» Problem statement
Under this line is a listing; return exactly the lines starting at the one with "在基本盘上,《问道》手游上线" and running down to the one with "Orecchini a lobo", and leave out its pictures.

» Record extracts
■ ■ ■ ■ ■

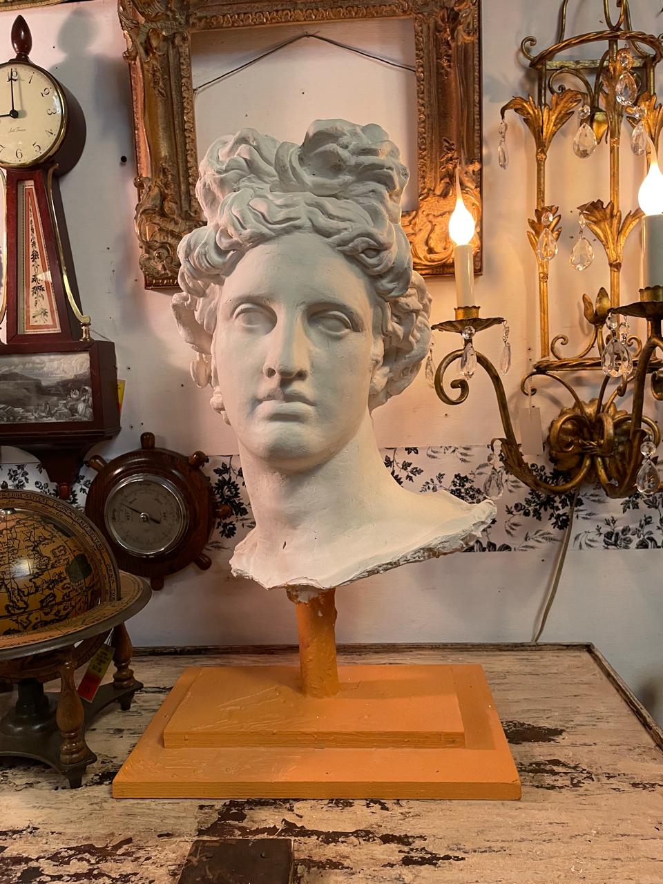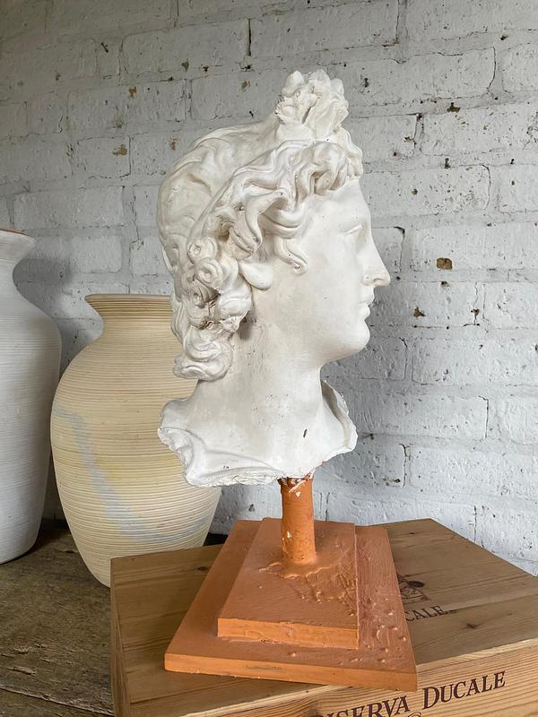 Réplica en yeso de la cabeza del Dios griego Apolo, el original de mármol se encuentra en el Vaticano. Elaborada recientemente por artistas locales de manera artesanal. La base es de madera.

■ ■ ■ ■ ■

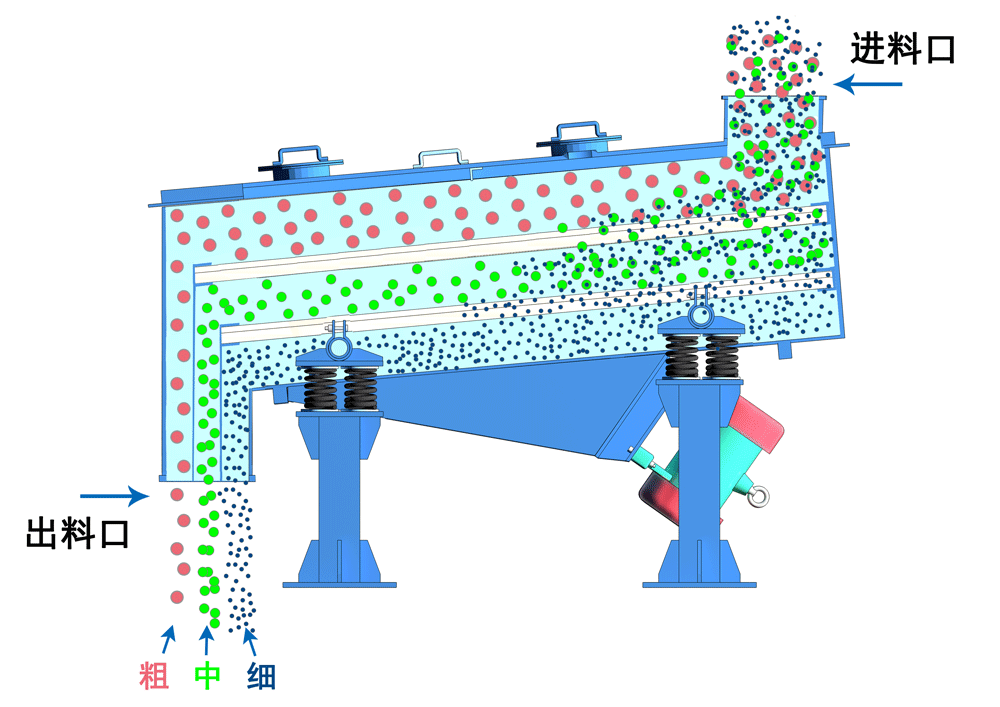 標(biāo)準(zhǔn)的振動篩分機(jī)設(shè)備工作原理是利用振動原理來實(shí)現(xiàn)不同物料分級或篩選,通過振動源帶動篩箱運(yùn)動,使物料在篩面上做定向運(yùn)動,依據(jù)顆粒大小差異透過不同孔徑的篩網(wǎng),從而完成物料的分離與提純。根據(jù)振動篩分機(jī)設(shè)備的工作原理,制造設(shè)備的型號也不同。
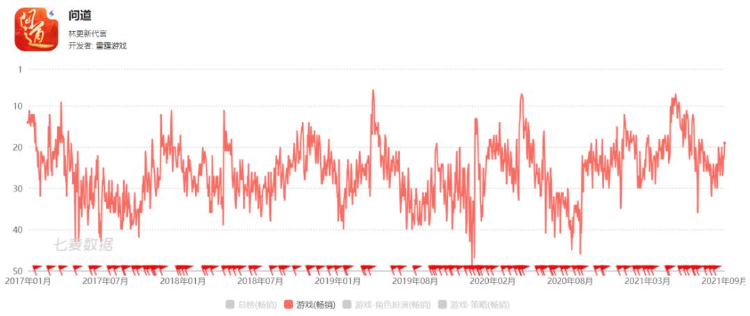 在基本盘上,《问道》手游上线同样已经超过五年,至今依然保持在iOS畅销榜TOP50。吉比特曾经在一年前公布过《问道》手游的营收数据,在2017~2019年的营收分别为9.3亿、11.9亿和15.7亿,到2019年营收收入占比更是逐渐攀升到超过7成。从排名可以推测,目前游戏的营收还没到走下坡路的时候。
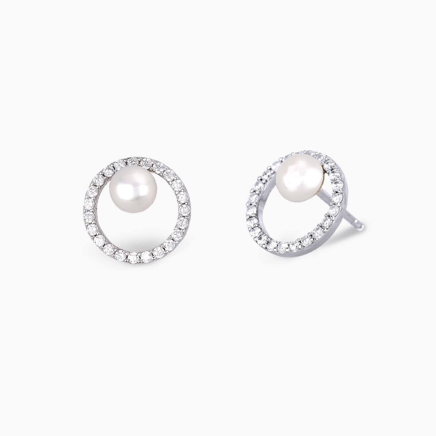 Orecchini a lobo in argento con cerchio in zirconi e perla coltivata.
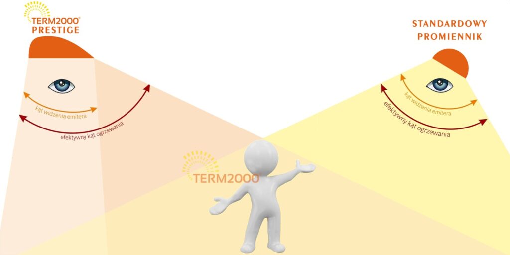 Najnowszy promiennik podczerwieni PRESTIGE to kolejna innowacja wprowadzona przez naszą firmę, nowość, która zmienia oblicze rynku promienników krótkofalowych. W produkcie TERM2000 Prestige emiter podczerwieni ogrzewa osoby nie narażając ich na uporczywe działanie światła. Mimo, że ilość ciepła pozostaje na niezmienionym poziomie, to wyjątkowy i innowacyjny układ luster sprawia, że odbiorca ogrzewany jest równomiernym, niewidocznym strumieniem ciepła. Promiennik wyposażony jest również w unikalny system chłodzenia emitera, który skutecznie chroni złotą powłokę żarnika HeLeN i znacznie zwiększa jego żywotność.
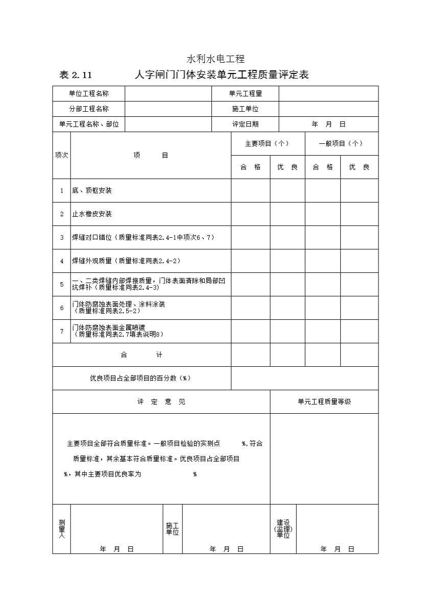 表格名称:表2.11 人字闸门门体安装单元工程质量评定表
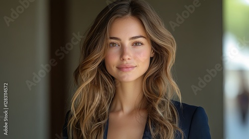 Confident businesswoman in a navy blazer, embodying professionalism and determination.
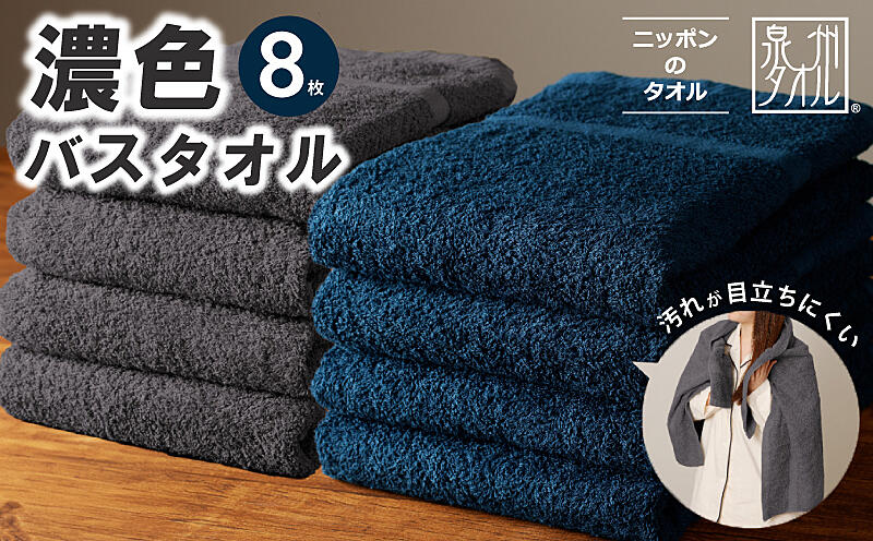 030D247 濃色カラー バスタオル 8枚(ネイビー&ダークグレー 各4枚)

■ ■ ■ ■ ■

» Solution
 在基本盘上,《问道》手游上线同样已经超过五年,至今依然保持在iOS畅销榜TOP50。吉比特曾经在一年前公布过《问道》手游的营收数据,在2017~2019年的营收分别为9.3亿、11.9亿和15.7亿,到2019年营收收入占比更是逐渐攀升到超过7成。从排名可以推测,目前游戏的营收还没到走下坡路的时候。
 Orecchini a lobo in argento con cerchio in zirconi e perla coltivata.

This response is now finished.